Tak berselang lama, para Masyayikh dan Habib juga berkunjung ke lokasi tersebut. Di antaranya; K.H. Abdul Hamid Pasuruan, K.H. Usman al-Ishaqi Surabaya, K.H. Dimyati Rois Kaliwungu, Habib Al Idrus dan Habib Macan dari Pasuruan.
Pada tahun 1402 Hijriah atau 1983 Masehi, barulah dilakukan pembangunan musala Pondok Pesantren Mambaus Sholihin, sekarang merupakan Pondok Barat). Saat itu, Kiai Masbuhin Faqih sedang menunaikan ibadah haji yang pertama.
Modal awal pembangunan ini berasal dari materi yang dititipkan kepada adiknya, K.H. Asfihani Faqih yang tengah nyantri di pesantrennya K.H. Abdul Hamid Pasuruan. Pada saat itu, Kiai Asfihani Faqih turun dari tangga sehabis mengajar, tiba tiba ada seseorang yang tidak dikenal memberikan sekantung uang, kemudian beliau pergi dan menghilang.
Pada pagi harinya, Kiai Asfihani dipanggil oleh Kiai Abdul Hamid Pasuruan, beliau berkata: “Asfihani, saya ini pernah berjanji untuk menyumbang pembangunan rumah santri (jamaah) tapi hari ini saya tidak punya uang. Yai dipinjamkan uang dulu napa, Nak.”
Kemudian Kiai Asfihani menjawab: “Saya tadi malam setelah mengajar diberi orang sekantung uang dan saya tidak kenal orang tersebut.”
Kiai Abdul Hamid berkata: “Endi saiki dhuwite ndang ayo diitung. (Mana sekarang uangnya, ayo segera dihitung).”
Lalu, Kiai Asfihani mengambil uang tersebut dan dihitung sebanyak Rp750.000,- yang pada akhirnya Kiai Abdul Hamid Pasuruan memberi isyarat, bahwa yang memberikan uang tersebut adalah Nabi Khidir as (Abul Abbas Balya bin Malkan).
Kemudian Kiai Abdul Hamid Pasuruan berkata kepada Kiai Asfihani: “Nak, saiki muliyo.

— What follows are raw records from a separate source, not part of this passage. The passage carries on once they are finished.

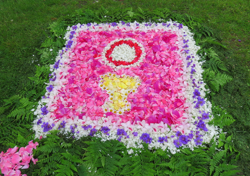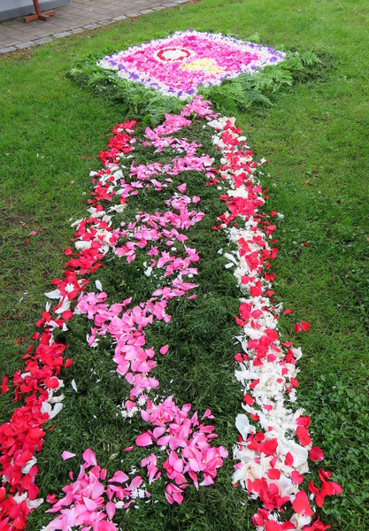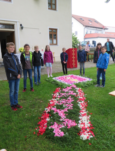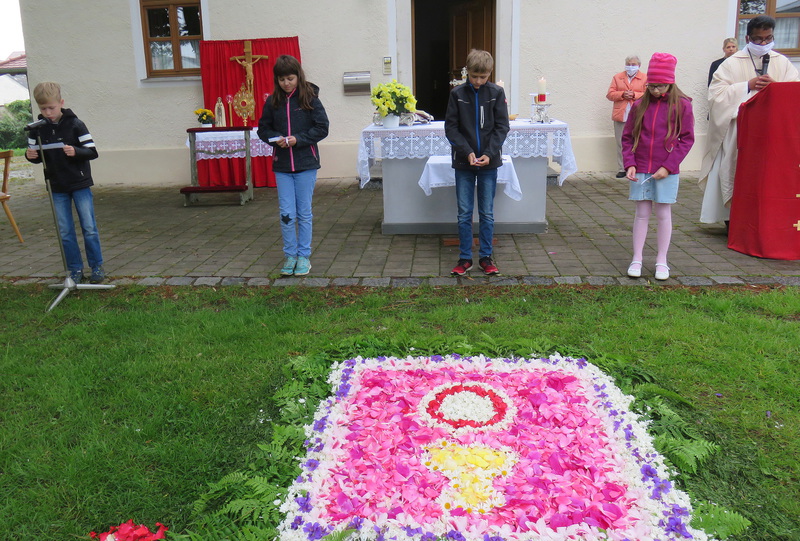 An zwei aufgebauten Altären betrachteten die Gläubigen vier unterschiedliche Lebensalter: den Lebensanfang, die Jugend, die Zeit des Erwachsenseins und das Alter. Die Kommunionkinder lasen einige Fürbitten. Zum Schluss knieten die Gottesdienstbesucher zur Aussetzung des Allerheiligsten nieder. Benedikt Stijns auf der Ziehharmonika und Simone Frey auf der Gitarre beendeten die Feier mit dem Lied "Großer Gott, wir loben dich". Die Kommunionkinder hatten einen prächtigen Blumenteppich gelegt.
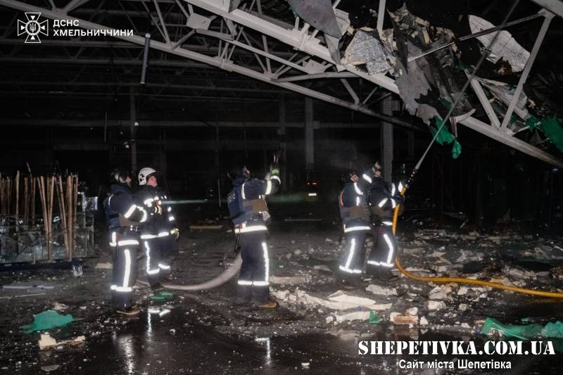 “Внаслідок російської атаки виникла пожежа на одному з підприємств у Хмельницькому районі. Пожежу ліквідовано підрозділами ДСНС.”
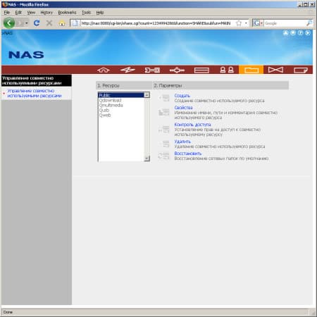 Настройка общих папок также проста — выбирается имя, комментарий, расположение (в случае использования двух отдельных томов). Доступа программируется для отдельных пользователей или групп. Возможные варианты — нет доступа, только чтение, чтение и запись. В случае, если пользователь не имеет доступа к папке, то по сети он может увидеть ее имя. При подключении по FTP в корне отображаются только доступные ему ресурсы.
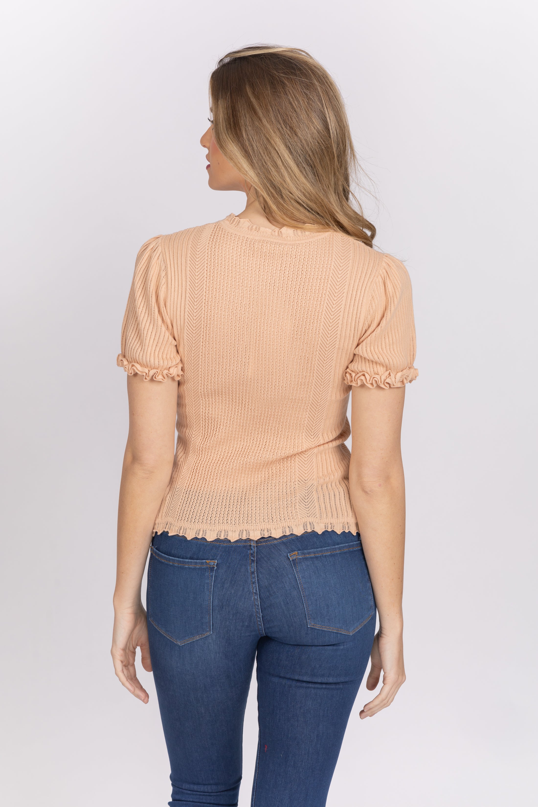 The Neri Top is a fabulous everyday knit. It is designed to fit on the body with a scoop neck and beautiful detailing on sleeves and hem.
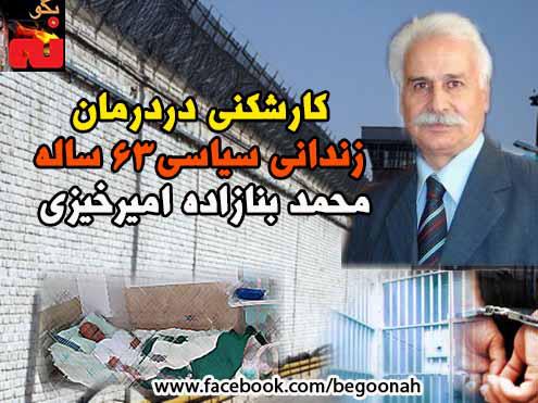 لازم به یاد آوری است که آقای محمد بنازاده امیرخیزی ۶۳ ساله در ۹ آذرماه سال ۸۸ با یورش مامورین وزارت اطلاعات به محل کارش دستگیر میشود و همچنین خواهر این زندانی سیاسی، بنام کبری بنازاده امیرخیزی که حدود ۶۰ سال سن دارد از ناحیه زانو، کمر و چشم ابراز
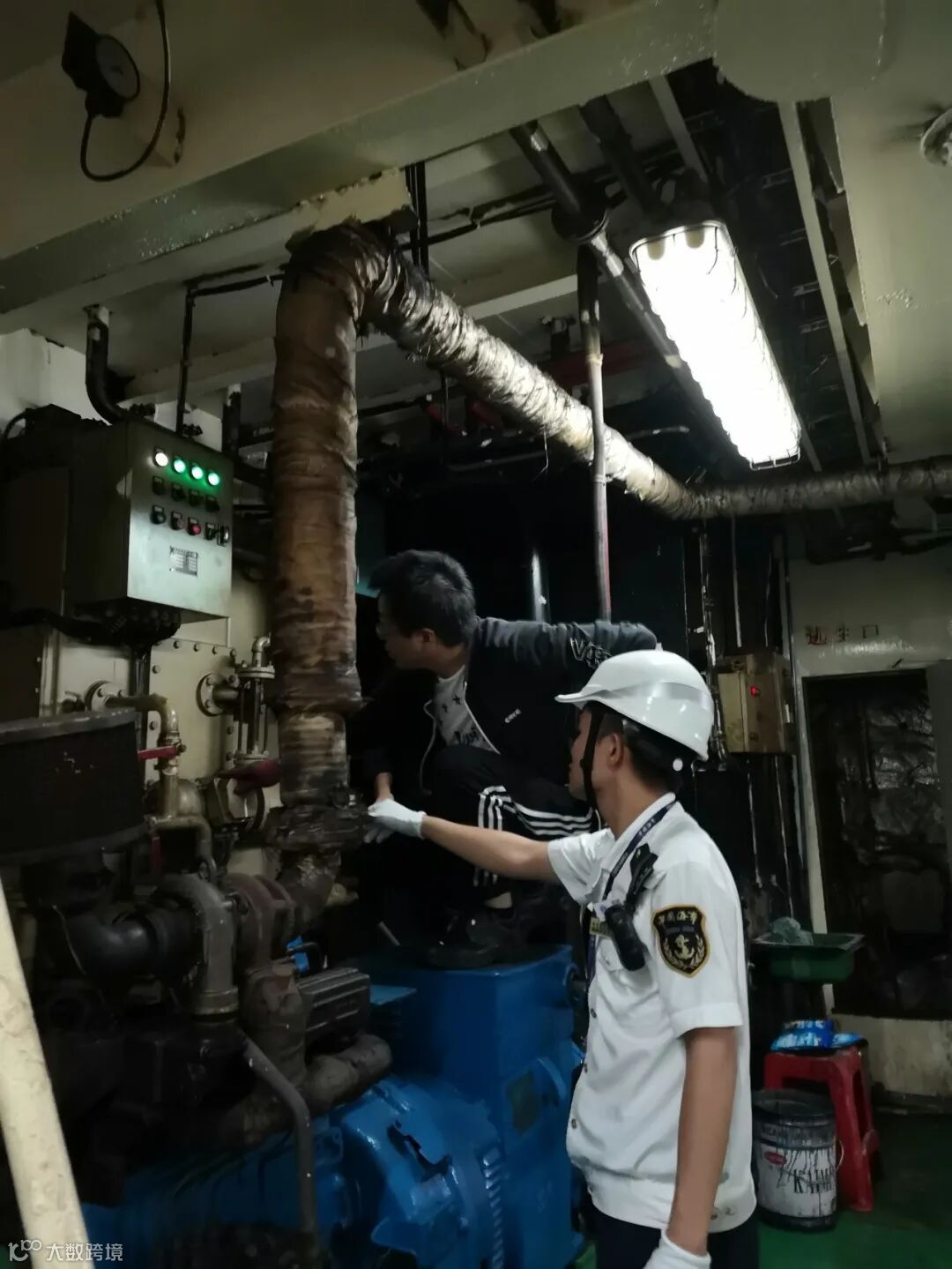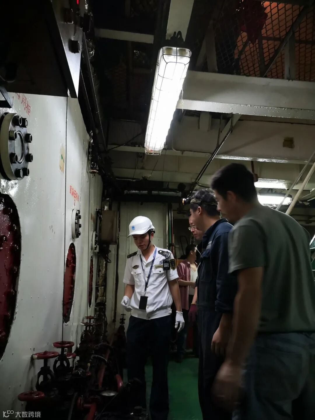 行动中,执法人员一方面检查人的不安全行为,主要包括夜间值班人员的在岗情况和人员适任能力;另一方面是检查物的不安全状态,包括船舶救生消防设备和防污染设备。
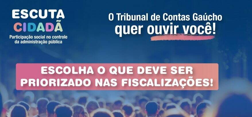 O TCE-RS (Tribunal de Contas do Estado do Rio Grande do Sul) lançou, na quinta-feira (16), a pesquisa do projeto Escuta Cidadã, uma iniciativa que visa ampliar a participação da sociedade nas ações de controle da administração pública. Por meio da consulta, a população poderá ajudar a definir as áreas prioritárias a serem fiscalizadas pelo TCE gaúcho. O governo do Estado é parceiro na divulgação da pesquisa, que ficará disponível até 10 de novembro.
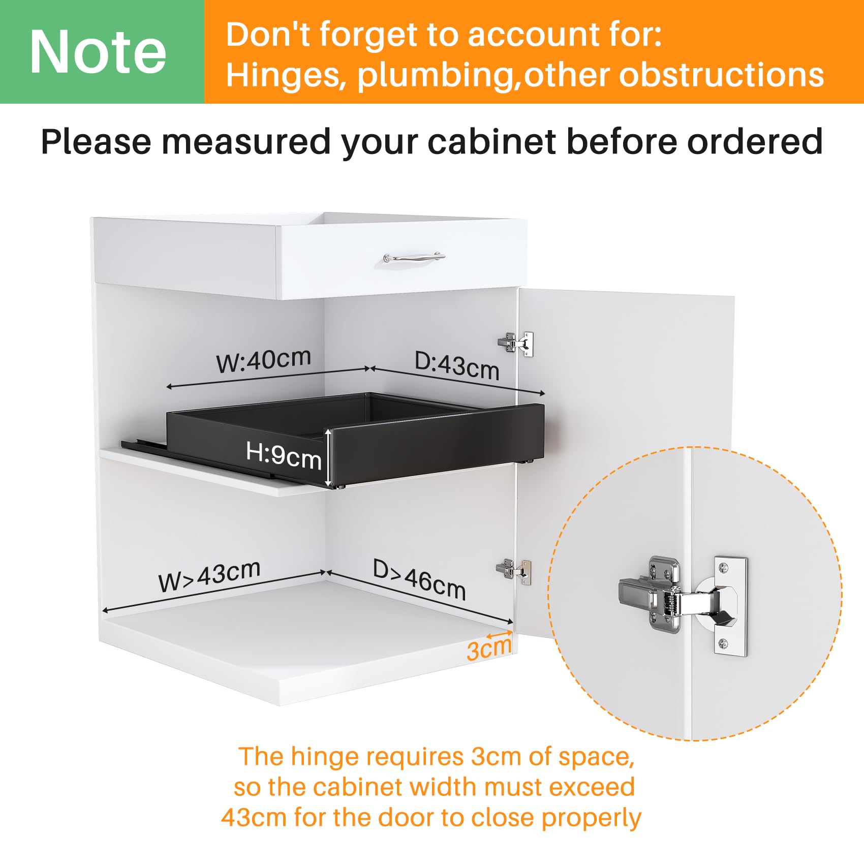 Praktisches Maß: 40×43×9cm (B×T×H), ausziehbar bis 70cm Tiefe
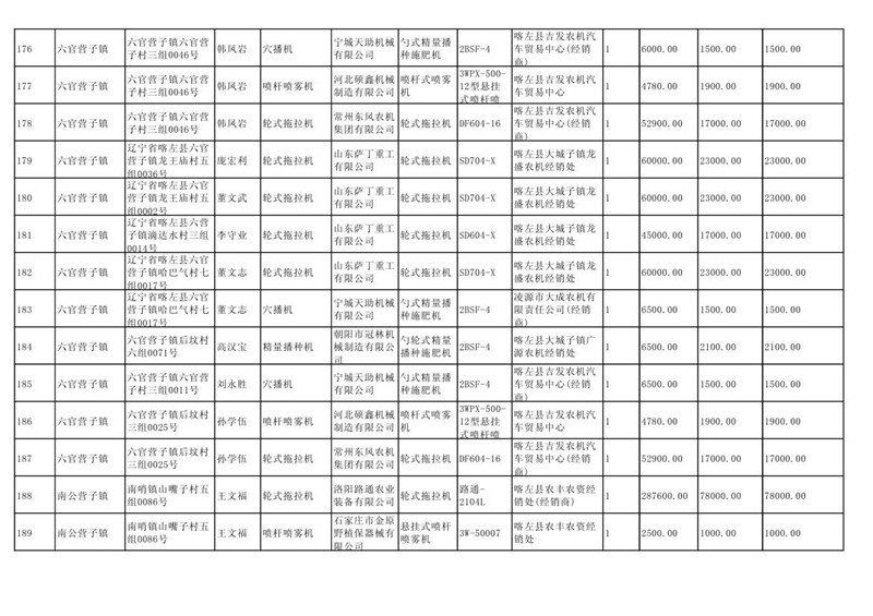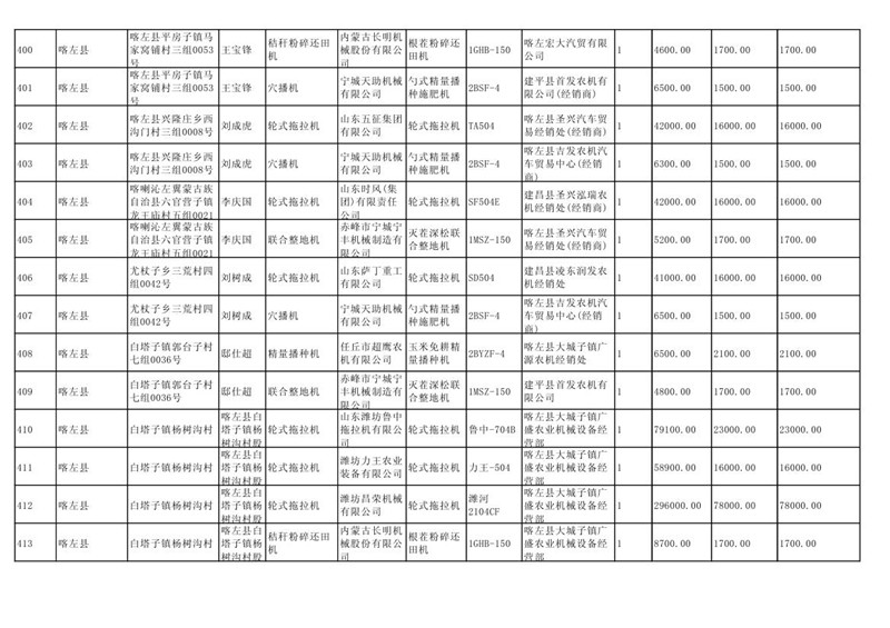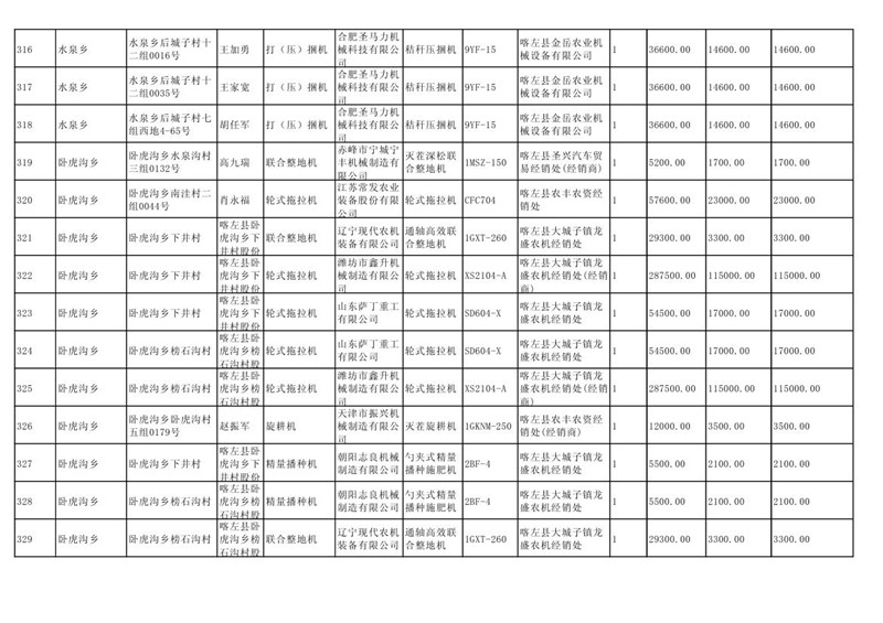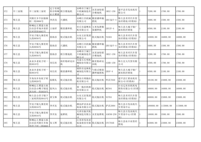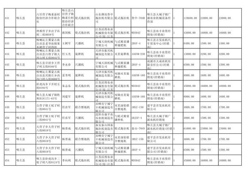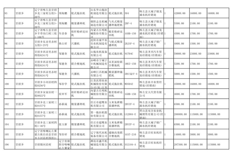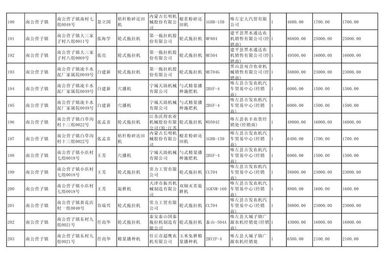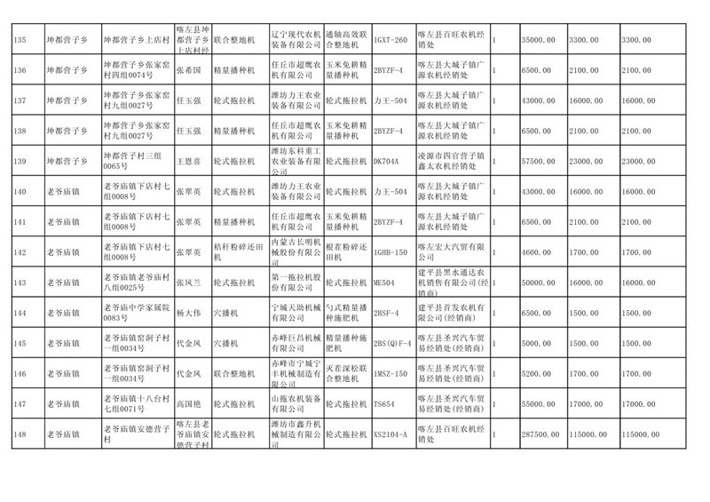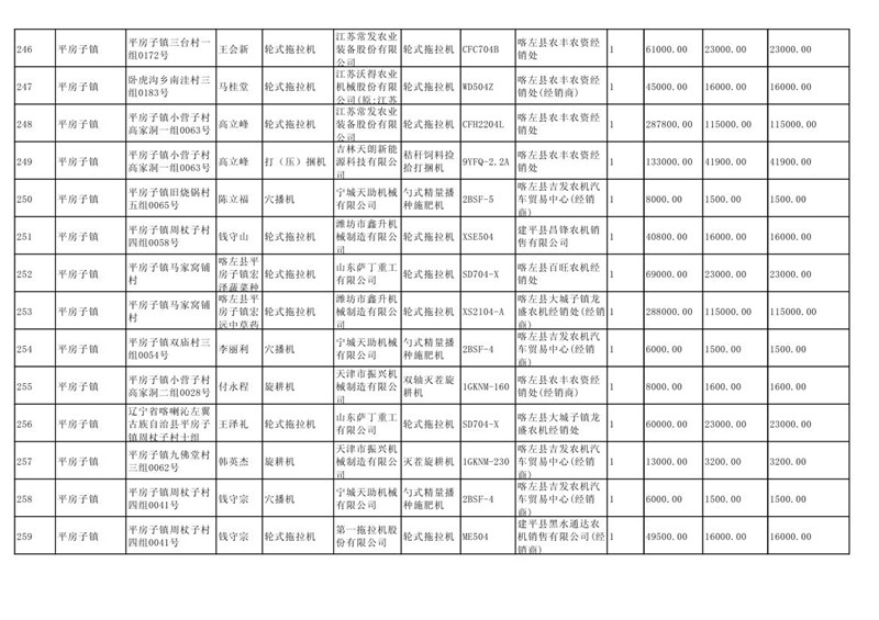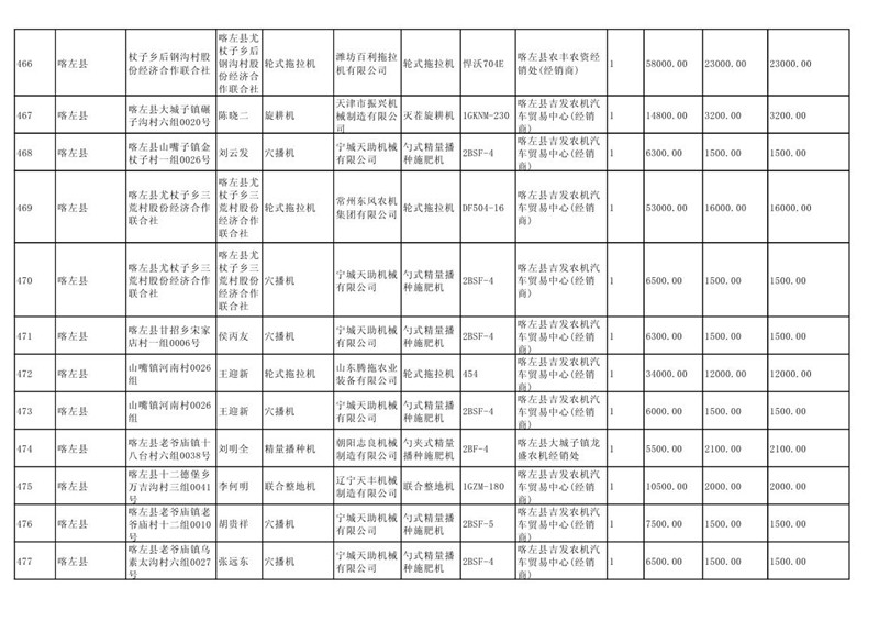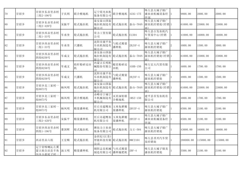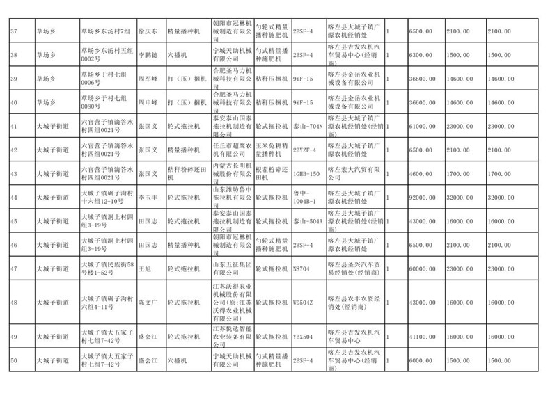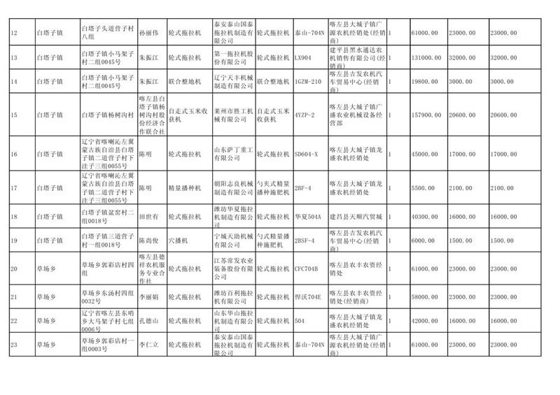 喀左县2020年第一批农机购置补贴公示

Dhuwit iki ke’no abahmu kongkon bangun mushola. (Nak, sekarang pulanglah. Uang ini kasihkan ke ayahmu suruh bangun musala.”
Suatu kisah yang tak kalah menarik, adalah saat pondok induk dalam taraf penyelesaian pembangunan, Kiai Abdul Hamid Pasuruan datang dan memberi sebuah lampu Neon 40 Watt 220 Volt untuk penerangan pesantren. Padahal saat itu listrik belum masuk desa Suci.
Mengingat yang memberi termasuk kekasih Allah, maka pengasuh pesantren yakin bahwasannya ini merupakan sebuah isyarat akan hadirnya sesuatu. Dan, tidak berselang lama, tepatnya pada tahun 1976, masuklah aliran listrik ke desa Suci. Rupanya lampu Neon itu merupakan isyarat akan tujuan Pondok Pesantren Mambaus Sholihin.
Pada pembangunan tahap selanjutnya, K.H. Agus Ali Masyhuri (Tulangan, Sidoarjo) membeli sepetak tanah yang baru dibelinya dari salah seorang anggota Darul Hadits. Tanah itu terletak di sebelah Masjid Jami’ Suci “Roudhotus Salam” itu menjadi bakal dari Pondok Pesantren Putra Mambaus Sholihin.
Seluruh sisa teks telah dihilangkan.